Theories of Interactive Visual-Verbal Learning

In an effort to explain the relatively efficient recall of pictures, Paivio (1978, 1986) proposed a theory of dual coding.  According to this theory there are two types of memory coding — in a verbal system and an image system.  Verbally presented material is encoded only in the verbal system, while visually presented material is encoded in both the verbal and image systems.  In contrast with the memory's "single coding" for text, pictures have "dual coding" in two types of memory codes; if these two codes provide more cues for recall, then it generally should be easier to remember pictures.  But, as pointed out by Schnotz (1993), "Graphics offer various advantages to the process of knowledge acquisition which go far beyond a mere memory effect."  Therefore, scientists have attempted to build theories that can explain the functions of verbal and visual information in helping learners construct their own mental models of the subject matter that is being portrayed in the verbal and visual material.
    Mayer (1993) outlines a framework, derived from Paivio's dual coding theory, for interpreting the cognitive processing of information that is presented both visually and verbally.  As shown in Figure 2.2, this framework postulates the formation of three types of mental "connections":   1) visual material is used to mentally form a visual representation, thus forming a connection between the external visual material and the internal visual representation;  2) verbal material is used to form a verbal representation, thus forming a verbal representational connection;  3) the learner builds referential connections between the visual representation and verbal representation.
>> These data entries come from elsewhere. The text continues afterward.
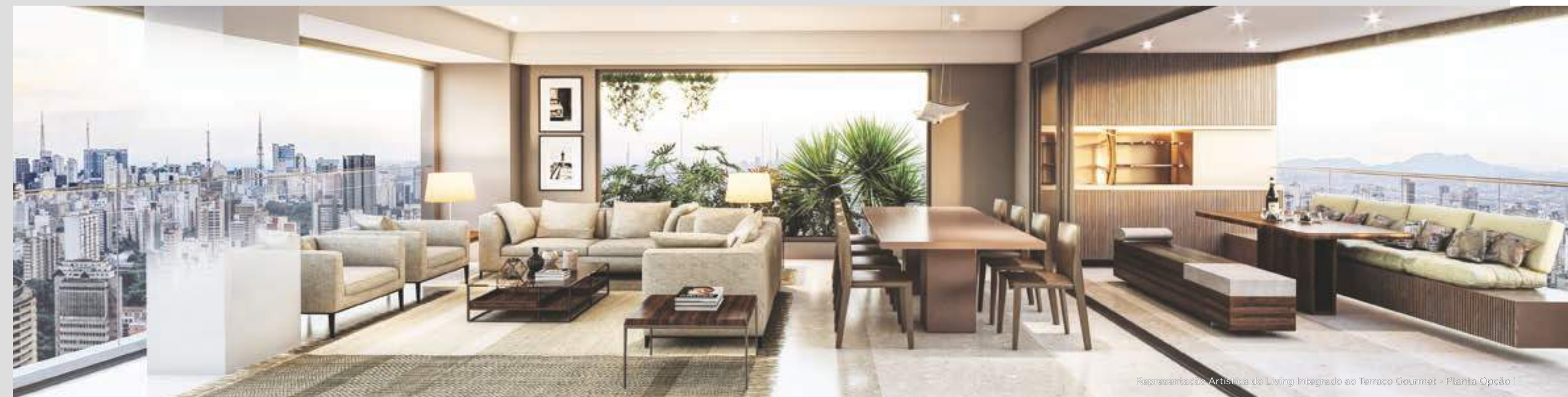
Representação Artística do Living Integrado ao Terraço Gourmet - Planta Opção 1

Os móveis, utensílios e objetos de decoração não serão entregues, e são uma mera sugestão de decoração. Os revestimentos, bancadas, louças e metais são ilustrativos e as unidades serão entregues conforme informações constantes no memorial descritivo que integrará o compromisso de compra e venda. Medidas livres entre paredes sujeitas a variações em virtude da execução e acabamentos que serão aplicados. O material aqui apresentado poderá sofrer ajustes em virtude de eventuais compatibilizações técnicas que possam ocorrer no desenvolvimento do projeto.
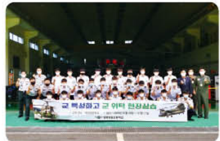
▲ 육군헬기정비 군현장실습
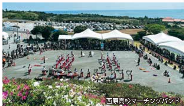
西原高校マーチングバンド
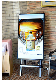
他媒体に掲載した広告をデジタルサイネージでも展開することで情報に触れる機会が倍増します。
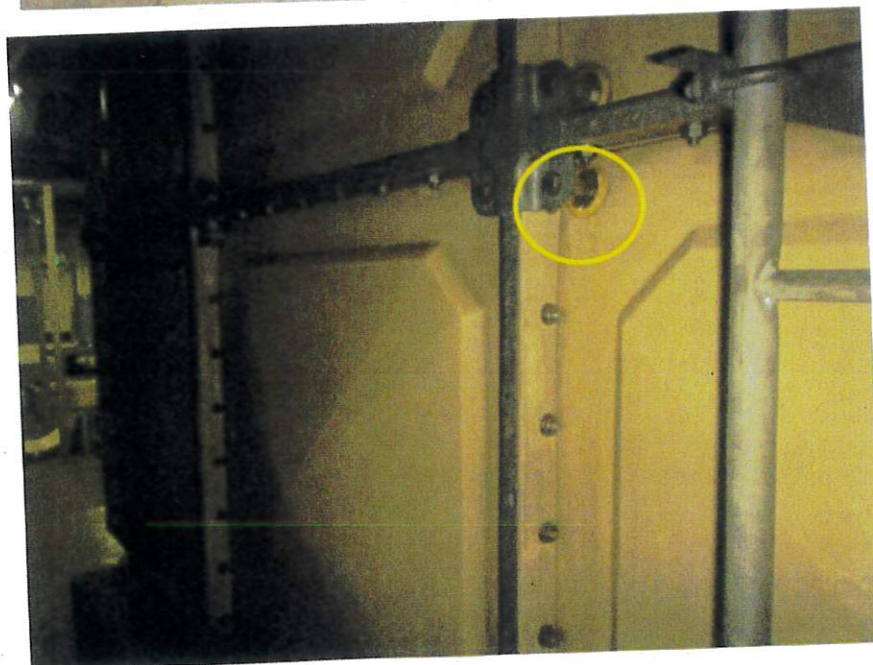
受水槽NO.2側 側面部漏水
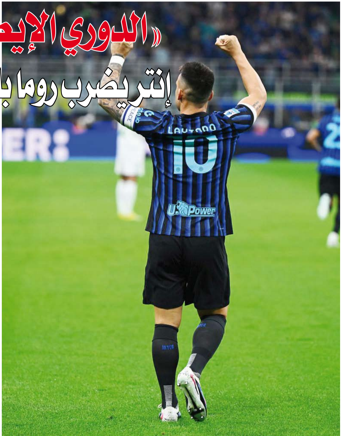
إنتر أفرس الذئاب بالخمس

في المقابل، تجمّد رصيد روما عند 54 نقطة في المركز السادس، وتلقت أماله بالتحول رابعاً وبلوغ مسابقة دوري أبطال أوروبا ضربة قوية، مانحاً يوفنتوس الخامس (54 نقطة) وكومو الرابع (57 نقطة) فرصة الابتعاد عنه، علماً بأن الأول يستقبل جنوا، والثاني يحلّ ضيفاً على أودينيزي الاثنين في ختام المرحلة.
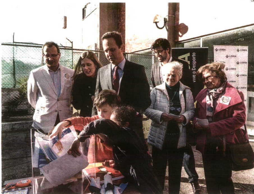
Numa caixa/cápsula do tempo, para abrir ninguém sabe quando no futuro, as crianças, cujos olhos brilhavam, depositaram desenhos
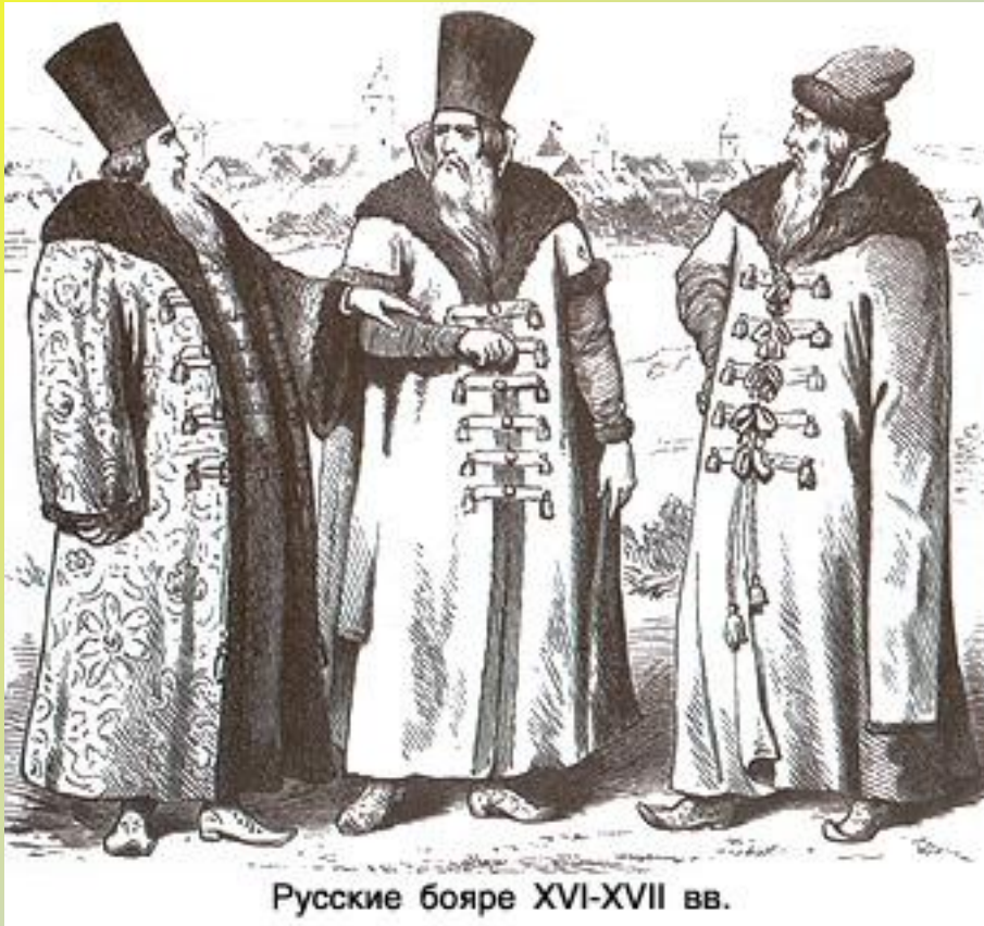
Русские бояре XVI-XVII вв.
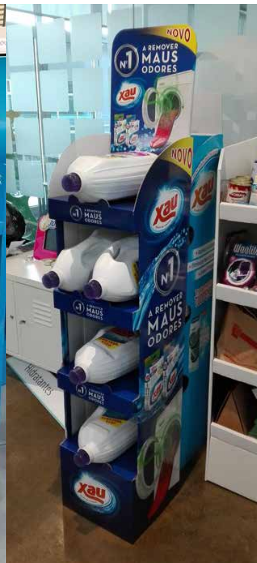
PROJETO Expositores Vários
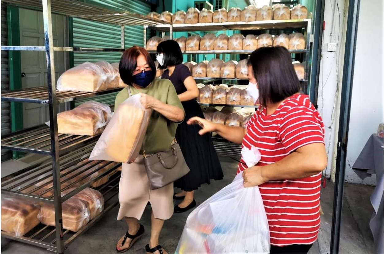
Seorang ahli Majlis Komunikasi Kebangsaan Gereja di Malaysia secara sukarela menyerahkan roti bakar segar kepada penerima di pusat pertubuhan itu.
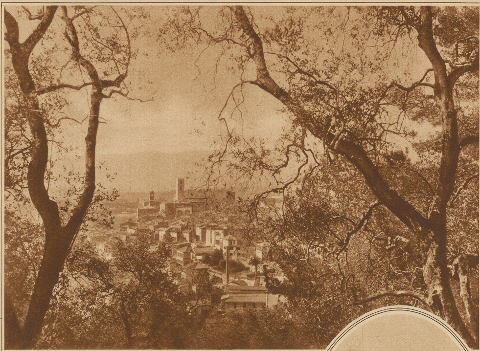
Grasse, im Durchblick durch Olivenbäume

Dennoch gewöhnt man sich an beides. Ich habe jahrelang in der Nähe einer Schokoladenfabrik mit ihrer süßlichen Atmosphäre gewohnt, ohne deshalb den Geschmack für das Erzeugnis zu verlieren. Und man kann in der Parfümstadt Grasse mit ihren ungefähr 50 Fabriken ganze Wolken von Duftgemischen einatmen, ohne daß einem deswegen die bewußte schöne Tischnachbarin zum Ueberdruß wird. Im Gegenteil: dieser Vorgeschmack von Cannes und Nizza auf dem Wege zur Côte d'Azur hat seinen eigenen Reiz, Vorgeschmack nicht nur im Sinne der Parfüms, denen wir unten in den eleganten Casinos in etwas weniger konzentrierter Form wieder begegnen, sondern auch im Landschaftlichen. Bildet doch Grasse gewissermaßen die Uebergangsstation auf dem Wege von der felsigen Einöde droben in den Seelpen zu der
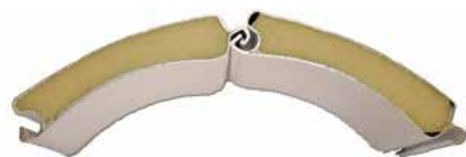
Lame alu avec isolation mousse polyuréthane - 77mm de hauteur visible - Lame finale avec joint d'étanchéité au sol

Motorisation évolutive selon la taille du tablier
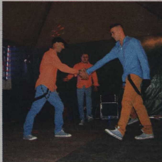
Gwiazdą wieczoru był zespół Maxel.

Słowa jego lidera nie były pustymi obietnicami. Na scenie i na widowni był prawdziwy muzyczny szal. Po występie gwiazdy disco polo odbył się konkurs puszczania lampionów i szukania kwiatu paproci. Nagrodami w tych konkursach były m.in. dwa dwuosobowe zaproszenia do kina Helios w Grudziądzu. Fundatorami nagród był „Kurier kwidziński”, który objął patronat medialny nad tegoroczną gardejską nocą świętojańską. Część nagród ufundowały sklepy BMS i MediaExpert Kwidzyn.
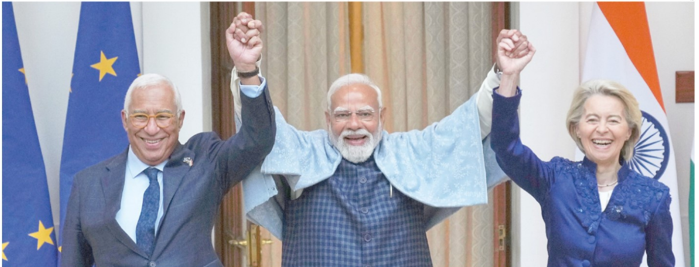
New Delhi. Da sinistra il presidente del Consiglio europeo Antonio Costa, il premier indiano Narendra Modi e la presidente della Commissione Ursula von der Leyen
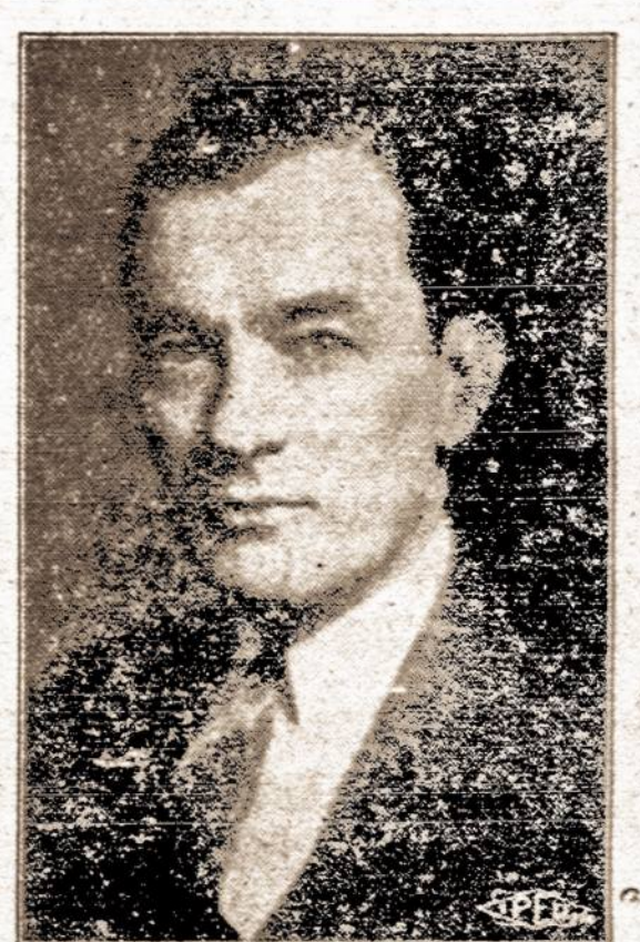
Buvęs ir Busiantis New York Miesto Mayoras Jas. J. Walker

New Yorko valstijos konstitucijos penki pataisymai užgirti išėmus vieną, kuris abejotinas. Tai pakeitimas civil service įstatymo liciančio ekskareivius, kuris pagalvina ekskareiviams gauti pirmenybę civil service valdžios darbus. Kiti pataisymai liečia New Yorko po licininkams ir ugnagesiams
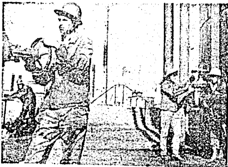
Aspect de muncă la Schelele de producție din Pecica.

Pașină realizată de IOAN ALECU
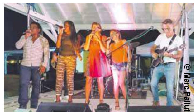
@ Marc Pallut
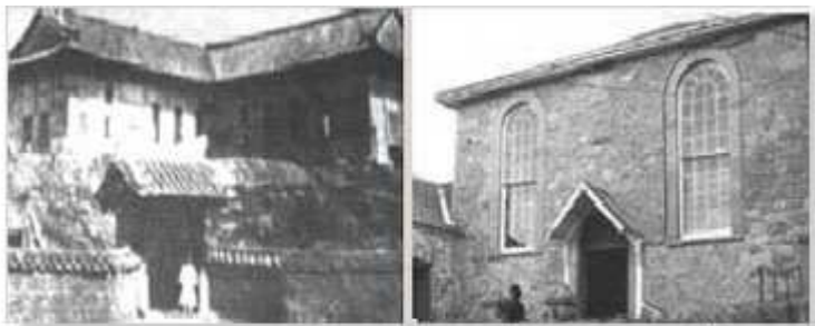
Changdaehyun Church in Pyongyang / Hanover Church in Walse
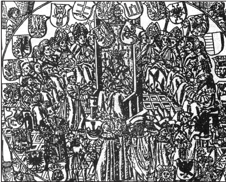
Рис. 3.9. Олександр Казимирович на засіданні сейму. Дереворит. 1506 р.

У розвиткові обох держав можна визначити багато спільного. І Московська, і Литовська склалися переважно на східнослов'янській основі, на державній території Київської Русі. Російські законодавчі пам'ятки XVI-XVII ст. використовували Литовські статuti, які в свою чергу відображали норми «Руської правди». До 1385 р. в обох державах православ'я було офіційною ідеологією, а руська мова була державною. Значна частина тодішньої московської еліти, включаючи впливових при дворі і в Боярській Думі князів Мстиславських і Бельських, вели свою родослівну від Гедиміна. На великій печатці Івана IV серед гербів підвладних царю земель був і «Колюмн» – родовий знак Гедиміновичів, який в Москві називався «полоцькою печаткою».

A dual coding theory of learning from visual and verbal materials. (Mayer, 1993)  


This theory can be elaborated (Schnotz, Picard, & Hron, 1993; Schnotz, 1993) by interpreting the qualitative differences between verbal and visual representations in terms of their differing functions as symbolic and analog representations, respectively.  Verbal information, based on the meaning of individual words and the relationships implied by grammatical structures, is used to mentally construct a propositional symbolic representation, which can then be used to construct a mental model.  Visual graphics, which convey information by implied analogy between certain spatial characteristics of the graphic and characteristics of the content that is being described, can allow a more direct construction of a mental model.  Thus, "Texts and graphics are complementary sources of information insofar as they contribute in different ways to the construction of a mental model." (Schnotz et al, 1993, p. 183)  Along these same lines, Kirby (1993) describes a mental-models approach (such as that of Johnson-Laird, 1983) that "emphasizes the importance of connections between mental codes and ... a real-world model.  These real-world models take the form of mental images ... and the spatial mode of processing, from presented images, is thought to be the most efficient means of developing the appropriate representation.  The verbal mode is but one means of accessing that central representation, and perhaps an awkward one at that. (p. 203)"

     Based on a review of experimental and theoretical work in this area, Winn (1987) describes the cognitive value of visual representations and visually-oriented processing:

Visual representations use an entirely different type of logic based on the meaningful use of space and the juxtaposition of elements in a graphic.  ...  Graphic forms, conveying information by means of visual argument, can induce the use of cognitive processes that are themselves "visual" in some way.  ...  The advantage of using visual argument lies in the application, by students, of cognitive abilities that are particularly suited to what has to be learned.  ...  Graphic forms encourage students to create mental images that, in turn, make it easier for them to learn certain types of material.  ...  Presenting information graphically allows students to scan it rapidly and quickly to discover patterns of elements within the diagram that are meaningful and that lead to the completion of a variety of cognitive tasks.  ...  Charts, diagrams and graphs are effective in instruction because they allow students to use alternative systems of logic.  ...  Certain physiological strengths of learners, such as pattern recognition and the ability to recognize geometric shapes, as well as the advantages of "right-brain" processing, can be exploited.  (pp. 156, 157, 158, 159, 160)

These visually-oriented cognitive processes include, but are not limited to, the construction of mental models.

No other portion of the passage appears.